- _Exercise data_
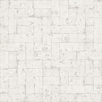 Grau-weiße Vliestapete, Steinverkleidung imitiert 347567, Matières - Stone, Origin
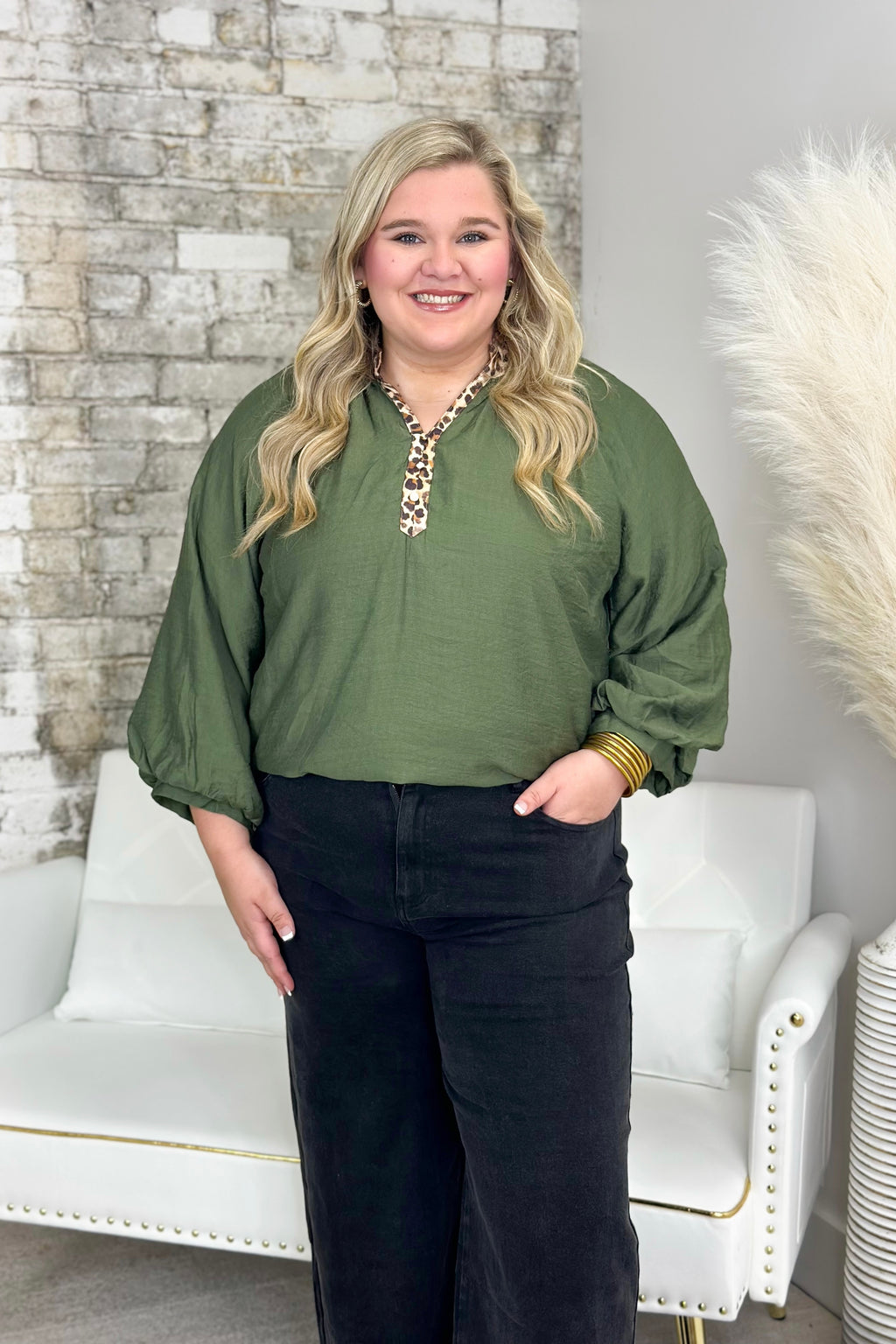 Olive Balloon Sleeve Detail Trim Top
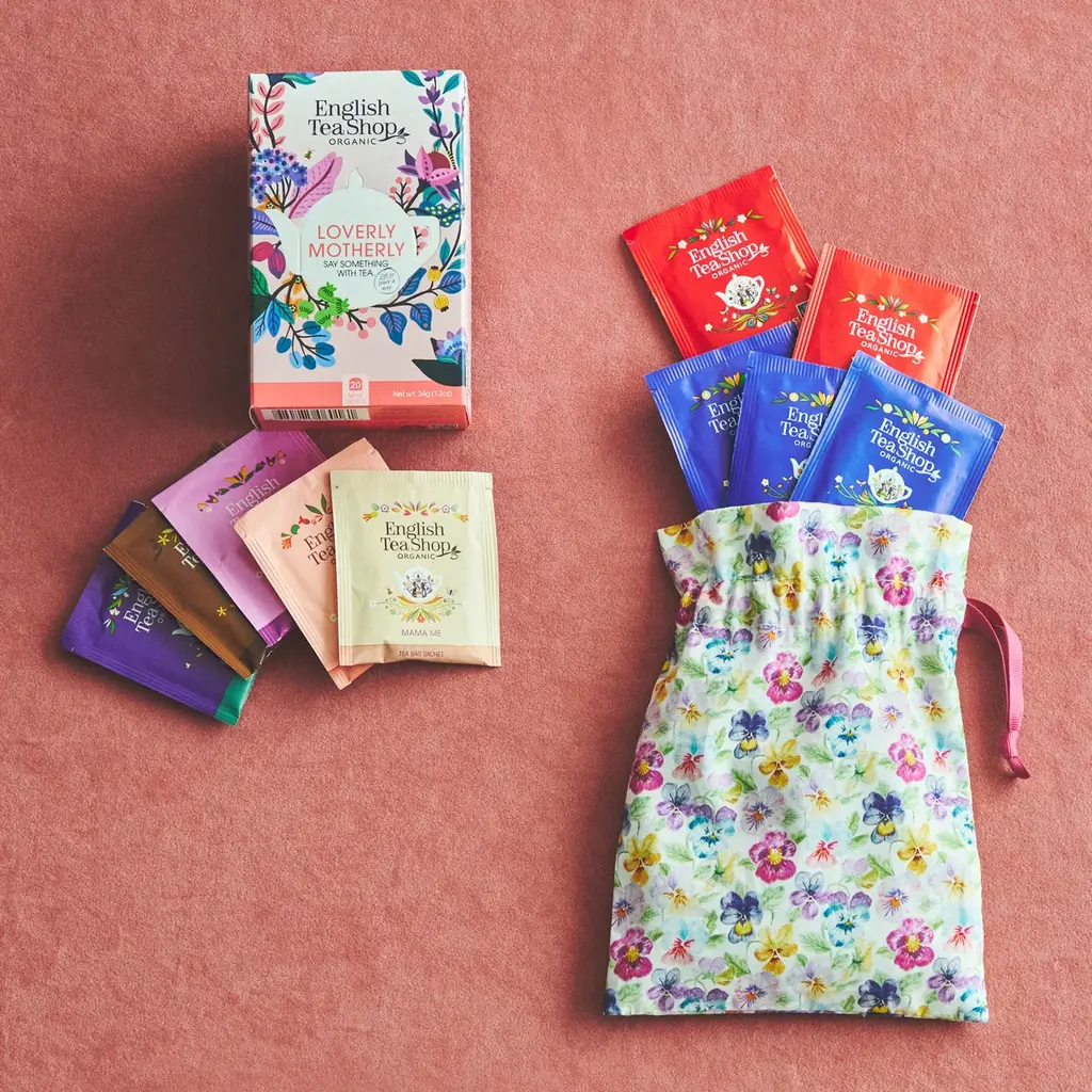 • 紅茶5種セット ¥1,080、LIBERTYプリント巾着入り紅茶セット ¥1,620

- _Problem to solve_
Give back an exact copy of the material above, omitting the pictures.

- _Response box_
 Grau-weiße Vliestapete, Steinverkleidung imitiert 347567, Matières - Stone, Origin
 Olive Balloon Sleeve Detail Trim Top
 • 紅茶5種セット ¥1,080、LIBERTYプリント巾着入り紅茶セット ¥1,620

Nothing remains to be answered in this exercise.